I've started up a 15G tank for neolamprologus multifasciatus (multies - lake tang. cichlid). Since they are ok with plants, I've been CO2 injecting with plants. The fish haven't arrived yet, but I'm trying to get my Ph higher, so far my Ph maintains itself at 7.4 (goal is 8.2). My GH is 19 degrees, my KH 21 degrees.

I've now been trying sodium carbonate (not bicarbonate) since it buffers at a much higher Ph. But so far, the water hasn't budged from 7.4 (I've been very carefully adding more each time until I see a change). I was wondering if anyone knew if carbonic acid is relative to Ph, having greater influence as Ph gets higher?

Any tips on whether I could get my Ph to 8.2 or not with CO2. Thanks!


----------



## Zapins (Jul 28, 2004)

No, acid has the same effect everywhere on the pH scale. The scale is simply a way of telling the hydrogen ion content of a solution. Each pH number is 10x more acidic or basic then the one next to it, which means that there is 10x more acid or 10x less acid then the number next to it.

Alkalinity, or buffering capacity also does not depend on the pH. Once the buffer is overloaded by acid/base then the pH will move.

Carbonic acid will drop water to 5.5 in a tank with no other acids present assuming it is able to overcome the buffering capacity of the water. 

Why are you trying to get the pH up so high by the way? Add some calcium containing rock from the pet shop it will buffer the water at 8.2, or you can add crushed coral meant for salt water tanks (there is no salt in it).


----------



## ashappard (Jun 3, 2006)

@ncutler: I recommend investigating TDS ranges of another tank with the fish you plan on keeping, and reproduce those results in your own setup. Don't fret the change in pH due to added CO2. Watch that you do not add too much CO2, of course - but the change in pH by added CO2 is overrated when it comes to danger / fish health / breeding capacity.

on a possibly related note - ditch the pH controller if you are using one. Some think that is the best way to maintain stable levels of CO2 but it is not necessarily the case. A good steady flow control that holds a solid bubble rate is all that is needed. Good circulation within the aquarium also helps immensely.


----------



## ncutler (Mar 5, 2009)

Thanks guys. It's been driving me mad why it's stuck at 7.4. I've got argonite substrate + Seachem Onyx sand. I've also got crushed oyster shells in the filter but as I understand, the more alkaline the water, the less the water will absorb.

I'm also only using DIY CO2 on this tank, but my drop checker registers around 20-25 PPM.

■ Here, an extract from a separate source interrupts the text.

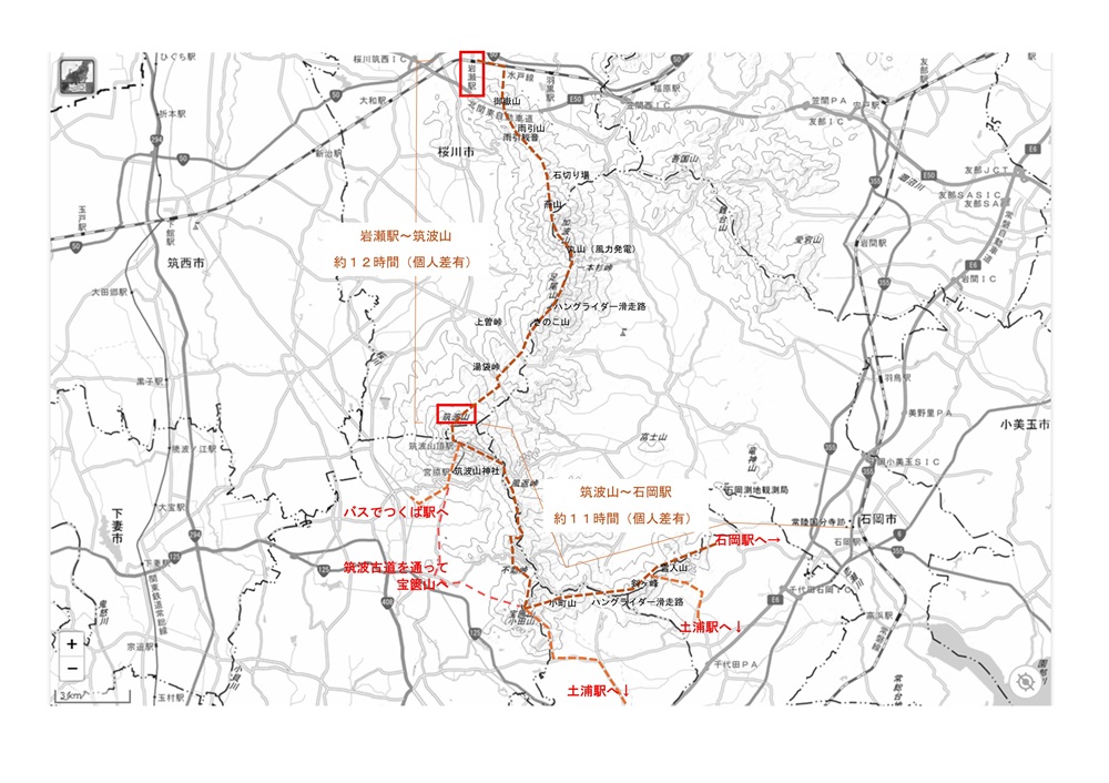 筑波山縦縦走路(JR水戸線・岩瀬駅~筑波山~JR常磐線・石岡駅・土浦駅)

The reason I'm trying to get the PH up above 8 is because of the lake tangs cichlids.


----------



## ashappard (Jun 3, 2006)

but is it really pH 8 they require, or a range of mineral content?
by checking TDS you can skip the effect of what CO2 does to pH and look more closely at mineral content. Of course it isnt perfect, TDS wont tell you the levels of individual minerals. But it's easy and less frustrating than chasing pH just to make a number.


----------



## wet (Nov 24, 2008)

On the same thought as above, which I think is logical, check out Travis Simonson's old heavily planted, densely planted Mbuna tank. His method, if I remember correctly, was simply lots of Calcium Carbonate and keeping algae down on the plants (since Mbuna are herbivores). I doubt high Ca is enough but you should be able to balance it with carbonates for both fish and plants. Travis used to post on the regular at AquariumAdvice.com as "travis_simonson" and here on APC as "travis". You'll find other stuff all over the net. If you're reading this, we miss you, Travis.


----------



## Zapins (Jul 28, 2004)

Yeah, I think they care more about TDS then ph. I've got some multifasciatus in 7.6 pH and a few 1000 ppm TDS and they are loving it. Calcium carbonate and magnesium sulfate is all I use.


----------



## ncutler (Mar 5, 2009)

Thanks a bunch guys, I've been trying to find this info out all over the place, you're really helping.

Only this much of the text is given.